Replication and Deadlocks at subscriber

  • Hello friends, and happy TurkeyDay,

    I have a database used for reporting, a subscriber, that occasionally has mismatch records, and I'm trying to find out why. Why they keep getting out of synch.

    Setup:

    Both Publisher and Subscribers: SQL2016 SP2 CU15.  Windows Server 2019. Same datacenter, same subnet, so nothing too complex

    Distributor in the same server as Publisher. Push Subscriptions. jobs [Agent history clean up: distribution] and [Distribution clean up: distribution] enabled and running with the default values

    There are several Transactional Publications on the main database, but nothing overlapping, and all point to the subscriber.

    The subscriber's tables are only written by replication, and each table has only one subscription (so no convergence replication or merge replication)

    What I've done

    About once a day I run a count on a particular table, and the counts are off, so then I ran tablediff.exe and shows a lot of mismatch rows.. anywhere from a couple dozen to a few hundreds.

    I checked the latency, and it look good, only a few seconds, at that time. However in times of high Publisher activity it can climb up to 20 mins, but it eventually catches up. After those spots of latency, tablediff shows no difference so it's not happening then.

    I inserted a tracer token and it looks good. There are no errors on neither of the jobs, replication monitor, etc.

    The Distribution Agent history, "Distributor to Subscriber History section" shows "Skipped X error(s) when applying transaction a the subscriber"

    distro_hist

    The "view sync status" section keep showing no errors, most of the time "no transaction available"

    If I try to validate the subscriptions, it shows me that might be out of synch:

    CheckSum

    The only thing I can find is a deadlock on the subscriber.
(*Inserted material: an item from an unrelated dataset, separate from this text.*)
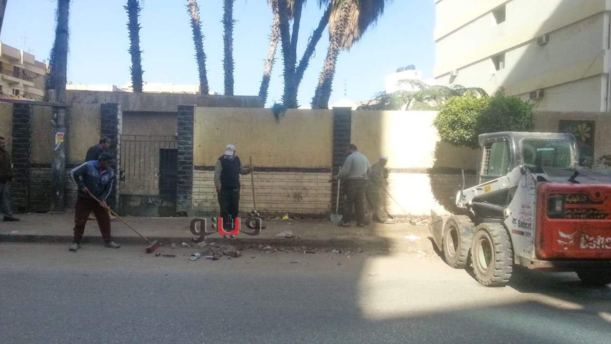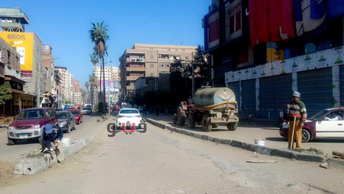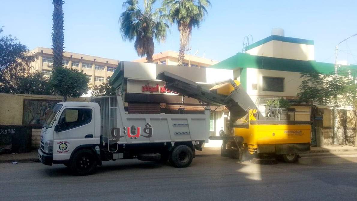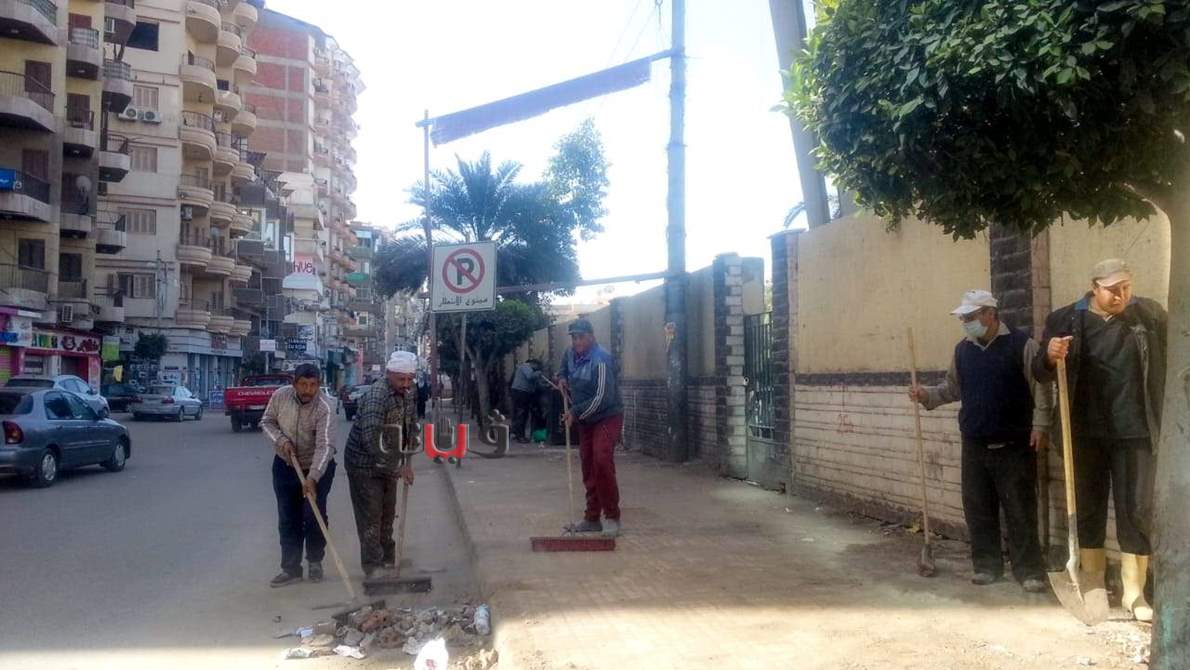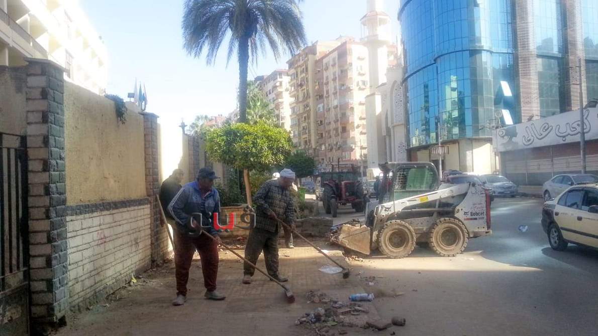 برفع كفاءة النظافة بمنطقة شارع جيهان ، ذلك من خلال تجريف وكنس رفع الاتربة من على جانبى الطريق بطول الشارع.
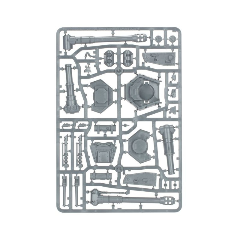 Le Char de Frappe Leman Russ peut être armé d'une des quatre armes de tourelles suivantes: un obusier, un canon laser jumelé, un autocanon Gravis ou un canon Vanquisher avec mitrailleuse coaxiale. Vous pouvez également choisir une arme de coque parmi cinq différentes: un bolter lourd, un canon laser, un autocanon, un multi-laser ou un lance-flammes lourd. Vous trouverez en option un missile traqueur, des projecteurs et une lame de bulldozer, ainsi qu'un lance-flammes lourd, un multi-laser ou une mitrailleuse sur pivot. Le kit propose également un cognis-signum pour faire de votre Leman Russ un Char d'État-major, avec dans ce cas la possibilité de lui ajouter un bouclier répulsif.

Our SQLSentry thing only captures long running deadlocks so I'm sure there are more, and that's the cause of my problem, but I still don't know how to prevent it.
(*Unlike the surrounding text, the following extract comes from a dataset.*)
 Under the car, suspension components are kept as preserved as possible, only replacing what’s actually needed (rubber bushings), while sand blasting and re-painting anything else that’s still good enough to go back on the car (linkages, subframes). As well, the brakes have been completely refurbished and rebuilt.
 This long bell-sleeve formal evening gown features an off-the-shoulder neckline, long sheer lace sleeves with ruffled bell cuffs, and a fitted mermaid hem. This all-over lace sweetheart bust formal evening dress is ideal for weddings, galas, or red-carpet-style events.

    Sometimes I'm able to capture it like this:

    deadlock

    The Read Committed Snapshot Isolation setting is set to FALSE on both Publisher and Subscriber. So I changed the RCSI to true in the subscriber but I still got deadlocks.

    What I need

    First to all, I need to figure out how I can stop getting deadlocks and mismatch data. I mean, I eventually run the output of tablediff to sync the tables, and occasionally I just re-ran the snapshot, but I keep having the issue.

    I figure I could improve performance and look at this article:

    https://red9.com/blog/performance-tune-sql-server-replication-checklist/

    but before start tweaking, I would like to measure performance, so I can tell if any changes I make do things better (other than presence/absence of deadlocks.

    Too many websites about how to fix Replication when it doesn't work at all, but can someone point me to a URL where I can learn what to measure on Replication?

     

    Thank you ALL

     

    Miguel

     

     

     

  • Thanks for posting your issue and hopefully someone will answer soon.

    This is an automated bump to increase visibility of your question.

  • I can't speak to all of this as I don't use replication and haven't set it up or seen that problem before, but I am curious what you mean by "Our SQLSentry thing only captures long running deadlocks so I'm sure there are more, and that's the cause of my problem".  Deadlocks are either "yes" or "no"... I am not aware of anything like a "long running deadlock".  Either a deadlock happened and something was rolled back, or it didn't happen and nothing was rolled back.  I am not sure what a "long running deadlock" is.

    And SQL should just retry the query after the deadlock as it indicates in the error message.  Although you may want to check the error log in the job folder as indicated in that error.  If it fails multiple times, it is probably something you should investigate.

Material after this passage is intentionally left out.